Geschichten aus der Business Class
Wie der graue Audi A6
Es ist wieder Sonntagabend und Kremmer kommt auf der Autobahn nur mühsam voran. Er pendelt und er hat eine harte Woche vor sich – noch eine harte Woche. Er ist wieder auf dem Weg zur SUREGO. Für Kremmer ist es mehr als erstaunlich, was sein Vorgänger als Geschäftsführer ihm hinterlassen hat. Er hat es bisher nicht für möglich gehalten, dass ein Mensch alleine ein Unternehmen so nachhaltig prägen kann. Gut, er hat auch Jahrzehnte dafür Zeit gehabt – aber trotzdem. Das ganze Unternehmen mit mehreren hundert Mitarbeitern ist immer noch vollständig von Noll durchdrungen. Kremmer hat Noll nach dessen unrühmlichem Abgang nicht mehr persönlich kennengelernt. Er kann nur die Folgen und Auswirkungen beobachten. Natürlich gibt es unendlich viele Geschichten und auch sehr persönliche Erlebnisse, die ihm immer noch regelmäßig und natürlich vertraulich berichtet werden. Wie er nach den ersten Monaten erkennen konnte, ist alles auf Noll zugeschnitten gewesen. Fast nichts ging unter seiner Ägide ohne ihn. Alle Fäden sind bei ihm zusammengelaufen und die Mitarbeiter auf allen Ebenen hatten mehr als Respekt vor ihm. Das war schon eher Angst. Es gab Führungsebenen unter Noll nur auf dem Papier – faktisch waren sie nicht vorhanden.

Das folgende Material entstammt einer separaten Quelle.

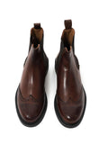 Stivaletto Beatles in pelle dal design classico e intramontabile, realizzato con lavorazione artigianale e dettagli brogue sulla punta. Il taglio pulito e l’inserto elastico laterale assicurano una calzata pratica e confortevole, mentre la suola robusta garantisce stabilità e durata nel tempo. Un modello versatile che coniuga eleganza e praticità, perfetto per la stagione invernale e per look casual raffinati.

Es gab nur Noll und alle anderen Mitarbeiter quer durch alle Ebenen und Funktionsbereiche waren Weisungsempfänger. Noll griff durch alle Ebenen und in alle Prozesse. Nur die technischen Bereiche fühlen sich auch jetzt noch wie ein mehr oder weniger autonomes Biotop. Und Steiner, mit dem er letzte Woche ein wenig zufriedenstellendes Gespräch geführt hat, ist ein Gewächs aus diesem Biotop. Er war auch unter Noll schon Funktionsleiter und repräsentiert ein Fachgebiet, in dem Noll nicht sattelfest gewesen ist. Kremmer selbst ist es übrigens auch nicht. Dadurch konnte sich Steiner unter Noll wohl in seinem Biotop Freiräume schaffen, die er jetzt massiv verteidigt – ohne Not, denn Kremmer stellt ihn nicht in Frage. Er will auch nicht in Steiners Funktionsbereich hineinregieren. „Aber gut, das kann Steiner noch nicht wissen“ denkt Kremmer.
Er macht Platz für den grauen Audi A6, der im dichten Verkehr seit ein paar Kilometern an der hinteren Stoßstange klebt. „Es sind immer graue Audi A6“ sinniert er. Der zieht dann in einer Gischtfahne an Kremmer vorbei, dessen Gedanken von der Autobahn wieder zur SUREGO wandern. Nur Steiner spielt im Managementteam eine Außenseiterrolle, in der er taktiert und eigene Ziele verfolgt, die nicht erkennbar im Interesse der SUREGO liegen.
Kremmer sucht im Autoradio einen anderen Sender. „Absolut Relax“ auf Band 5c im Digitalradio wäre jetzt richtig. Er stellt sich die Frage, ob er es Steiner erlauben kann, sein Eigenleben in seinem Biotop weiterhin zu kultivieren. Damit würde Steiner die notwendige Veränderung der SUREGO wahrscheinlich behindern oder zumindest verlangsamen. Andererseits strebt Kremmer an, Individualität zuzulassen im Sinne unterschiedlicher Talente, die alle auf ihre Art zum gemeinsamen Erfolg beitragen können. Aber er ist sich sicher: Steiner nutzt das für seine eigenen Interessen aus – und er überspannt den Bogen. Ihm geht es nicht um die Weiterentwicklung der Unternehmenskultur der SUREGO. Ihm geht es um sich. Das ist Kremmers Vermutung. Schon wieder ein A6, der es sehr eilig hat und seine Überlegungen stört. Er hat es noch nicht ganz klar vor Augen, aber als sich die Fontäne des A6 verzogen hat, weiß er, dass er mit Steiner in der erforderlichen Offenheit sprechen muss. „Dieses Thema muss auf den Tisch, sonst arbeite ich mich an Steiner ab und beiße mir die Zähne aus.“ Und genau dazu hat Kremmer nicht die Zeit - und auch keine Lust.
Er wechselt noch einmal den Radiosender, wieder zurück zu „Rock der 80er“, gibt Gas, zieht auf die Überholspur und hält Ausschau nach dem grauen Audi A6.